Monday, August 17, 2015

Naomi Shihab Nye: connecting up disparate events in distance places

photo of Naomi Shihab Nye and family (courtesy of Washington Post and Naomi Shihab Nye)

'Today the headlines clot in my blood.
A little Palestinian dangles a truck on the front page.   
Homeless fig, this tragedy with a terrible root   
is too big for us. What flag can we wave?
I wave the flag of stone and seed,
table mat stitched in blue.
I call my father, we talk around the news.   
It is too much for him,
neither of his two languages can reach it.
I drive into the country to find sheep, cows,   
to plead with the air:
Who calls anyone civilized? Where can the crying heart graze?
What does a true Arab do now?'
 
final two stanzas from Blood by Naomi Shihab Nye

The evocative poetry of Namoi Shihab Nye appears regularly on this blog.

Naomi Shihab Nye is a Texas based, Palestinian-American poet, writer and author who is the daughter of a Palestinian born father and an American mother.

She recently published an opinion piece in the Washington Post  about her childhood and family life in  Ferguson Missouri and Jerusalem, in which she connects up events in Palestine with those in Ferguson (the US city where massive protests and riots followed the police killing of Black teenager Michael Brown  in 2014).

I grew up in Ferguson, Mo.  No one ever heard of it, unless you lived elsewhere in St. Louis County.
 
Then my family moved to Palestine – my father’s first home. A friend says, “Your parents really picked the garden spots.”
 
In Ferguson, an invisible line separated white and black communities. In Jerusalem, a no-man’s land separated people, designated by barbed wire.

******

My father and his family became refugees in 1948, when the state of Israel was created. They lost everything but their lives and memories. Disenfranchised Palestinians ended up in refugee camps or scattered around the world. My dad found himself in Kansas, then moved to Missouri with his American bride. He seemed a little shell-shocked when I was a child.
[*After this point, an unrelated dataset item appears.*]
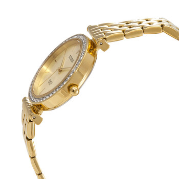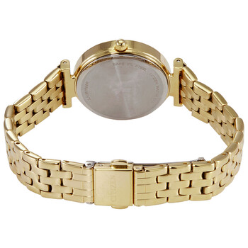 Gold-tone stainless steel case and bracelet. Fixed gold-tone bezel set with Swarovski crystals. Gold dial with gold-tone hands and index hour markers. Dial Type: Analog. Citizen caliber 9633 quartz movement. Scratch resistant mineral crystal. Pull / push crown. Solid case back. Round case shape. Case size: 30 mm. Case thickness: 6 mm. Band width: 14 mm. Fold over clasp with a push button release. Water resistant at 50 meters / 165 feet. Functions: hour, minute, second. Dress watch style. Watch label: Japan Movt. Citizen Quartz Crystal Gold Dial Gold-tone Ladies Watch ER0212-50P.
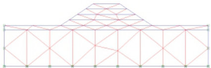整个坝体的建筑通过三个施工过程完成。第一,二,三施工过程填筑2m;第四个施工过程填筑 1.7m 。有限元模型及网格如下图1 所示。

Ferguson was a leafy green historic suburb with a gracious red brick elementary school called Central. I loved that school, attending kindergarten through sixth grade there. All my classmates were white, of various derivations – Italians, French-Canadians, etc….

At 12, I took a berry-picking job on “Missouri’s oldest organic farm” in Ferguson. I wanted the job because I had noticed that the other berry-pickers were all black boys. I’d always been curious about the kids living right down the road whom we hardly ever got to see…

Summer 2014, the news exploded…

Of course, we wished Hamas would stop sending reckless rockets into Israel, provoking oversized responses. Why didn’t the news examine those back stories more?

Oppression makes people do desperate things. I am frankly surprised the entire Palestinian population hasn’t gone crazy. If the U.S. can’t see that Palestinians have been mightily oppressed since 1948, they really are not interested in looking, are they? And we keep sending weapons and money to Israel, pretending we’d prefer peace.

We send weapons to Ferguson, too.'

In an recent interview  Naomi Shihab Nye stresses the responsibilities of writers and citizens to connect up events in disparate places to expose the exercise of unjust power and domination.

'I really did feel like I was hallucinating the whole summer with both Ferguson and Gaza in the news. I felt like if I didn’t say something, what kind of writer am I? If I don’t figure out some way to make a connection. Maybe the connection is slight, but I think the connection of domination and injustice is strong. My dad used to say Ferguson was a tinderbox waiting to explode. We asked him, “What is a tinderbox?”